Records for this exercise:
------------------------
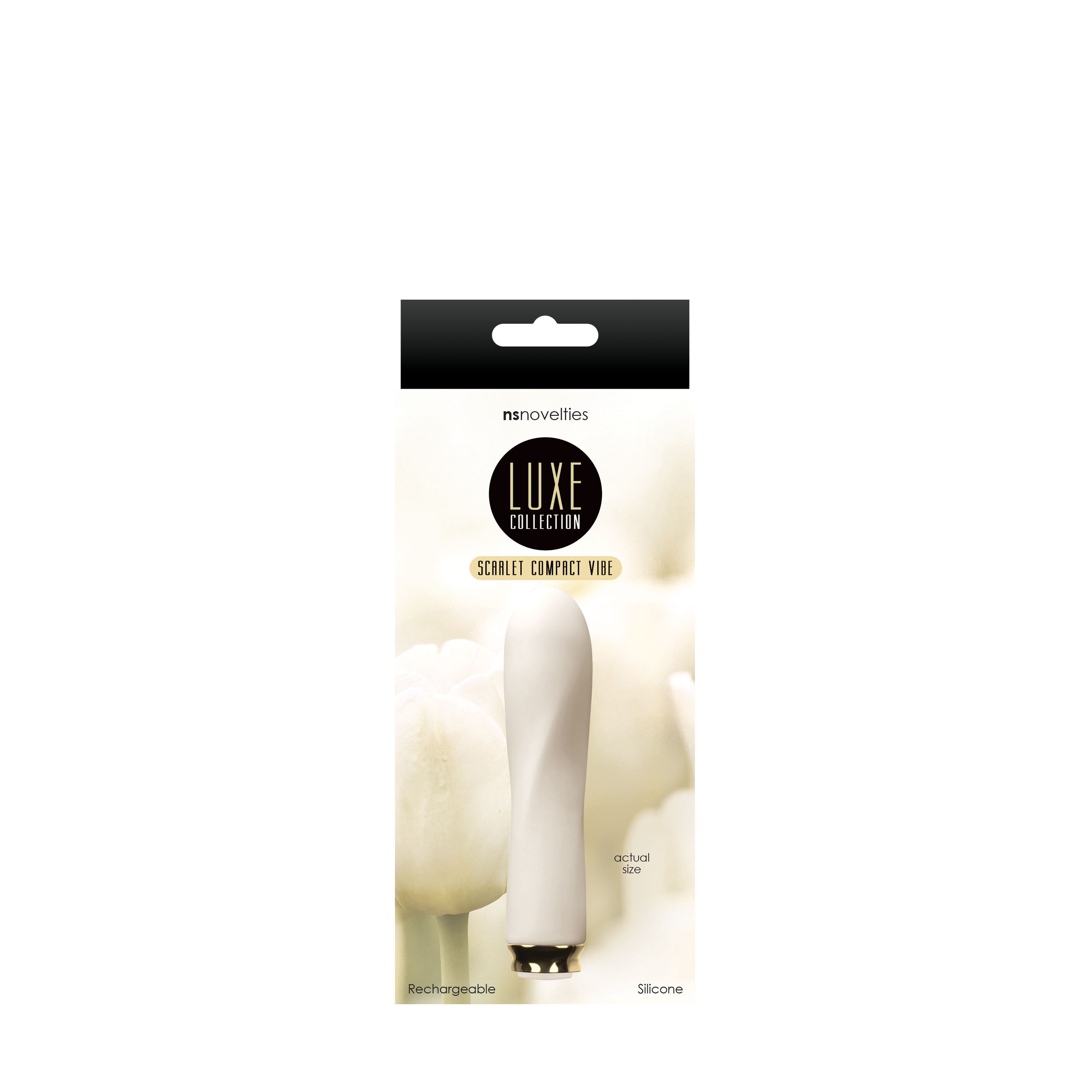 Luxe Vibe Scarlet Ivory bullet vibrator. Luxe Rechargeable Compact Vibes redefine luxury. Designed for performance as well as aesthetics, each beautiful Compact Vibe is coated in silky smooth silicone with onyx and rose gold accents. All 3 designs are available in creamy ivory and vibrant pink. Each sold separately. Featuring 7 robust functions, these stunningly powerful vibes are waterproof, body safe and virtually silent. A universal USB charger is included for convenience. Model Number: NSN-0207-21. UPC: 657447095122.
------------------------
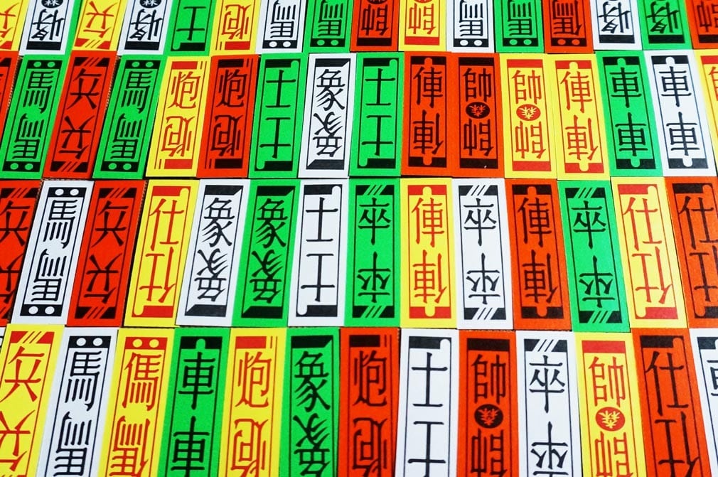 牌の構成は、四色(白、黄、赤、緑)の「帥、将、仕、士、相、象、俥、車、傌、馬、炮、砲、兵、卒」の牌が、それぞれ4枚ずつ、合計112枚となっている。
------------------------
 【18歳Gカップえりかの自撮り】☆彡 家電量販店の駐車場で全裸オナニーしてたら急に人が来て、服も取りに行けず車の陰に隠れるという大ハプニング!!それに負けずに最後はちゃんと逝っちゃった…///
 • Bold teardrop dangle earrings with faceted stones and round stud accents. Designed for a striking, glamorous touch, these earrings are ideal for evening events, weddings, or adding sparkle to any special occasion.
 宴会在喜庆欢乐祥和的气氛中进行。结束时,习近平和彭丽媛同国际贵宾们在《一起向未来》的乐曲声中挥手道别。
------------------------
When the line with "any special occasion." is reached in the data above, start copying there, and copy each line exactly until the line with "宴会在喜庆欢乐祥和的气氛中进" has been copied; copy nothing else.

 • Bold teardrop dangle earrings with faceted stones and round stud accents. Designed for a striking, glamorous touch, these earrings are ideal for evening events, weddings, or adding sparkle to any special occasion.
 宴会在喜庆欢乐祥和的气氛中进行。结束时,习近平和彭丽媛同国际贵宾们在《一起向未来》的乐曲声中挥手道别。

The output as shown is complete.